Researchers have not found any toxins or harmful algae inside the harbor, however, and they're still attributing the die-off to a nearly complete lack of oxygen in the water.
In an e-mail sent early today to other scientists, members of the media and other interested folks, USC professor David Caron said it's not clear how the domoic acid poisoning may have contributed to conditions causing the fish kill:
Domoic acid can cause a variety of neurological disorders, and death, of animals consuming fish contaminated with the neurotoxin. Research also indicates that domoic acid poisoning can cause abnormal swimming behavior in some fish. It is possible that high levels of domoic acid in the sardines in King Harbor may have exacerbated physiological stress of the fish brought on by oxygen depletion of the water, or may have been a contributing explanation for them congregating in the harbor at very high abundances, but this has not been confirmed.The toxic algae consumed by the fish likely came from a huge bloom that's been present at least since Monday off the coast -- stretching from Point Conception to San Diego, according to researchers who've tracked the greenish-brown mass by satellite.
After the jump is the extended and fascinating email from Caron on what's been learned so far. Sampling was continuing today.

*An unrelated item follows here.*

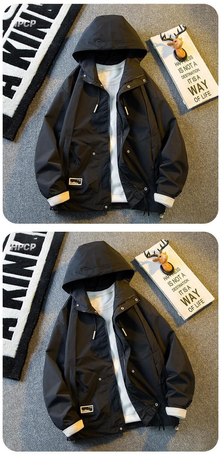 Hengpai トレンディなアメリカン レトロ アウトドア スポーツ ジャケット メンズ 春と秋のメンズ フード付きワーク ジャケット スプリング 春物 オータム 秋物 3381952951424733
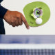 Funny ping pong paddle done in green, with graphics of a torn hole, in the middle, with a green eye ball looking out. Personalise the black text to read what you want. Makes a great gift idea.

On Tuesday, March 8, 2011, King Harbor in the City of Redondo Beach experienced a massive fish kill (estimates are in the millions of fish killed), apparently mostly Pacific sardine. This event has received national and global attention. My research group at the University of Southern California has been actively working and monitoring King Harbor as a site of recurrent algal blooms since a massive fish kill occurred there in 2005. The exact cause of the 2005 event was never clearly determined, but it coincided with a large microalgal bloom. Thus, the buildup of algae and perhaps toxins produced by harmful algal species, were implicated as playing a role in the fish mortality.
In response to the 2005 mortality event, we established a monitoring program there in 2006 to characterize the algal species at the site, and subsequently a suite of instruments to measure water quality in 2007, and we have maintained those instruments and characterized the microalgae in the water through the present time. These instruments, and additional measurements made at the time of the event on March 8th and immediately following the mortality event, are summarized below:
Our sensor packages in the water recorded pertinent environmental parameters (temperature, salinity, dissolved oxygen, and chlorophyll fluorescence which is a proxy for microalgal biomass) prior to and during the event. These instruments indicated a precipitous drop in dissolved oxygen coincident with the mortality event. Based on the information collected by the sensor packages, we conclude that depletion of dissolved oxygen was unquestionably the immediate cause of the mortality event.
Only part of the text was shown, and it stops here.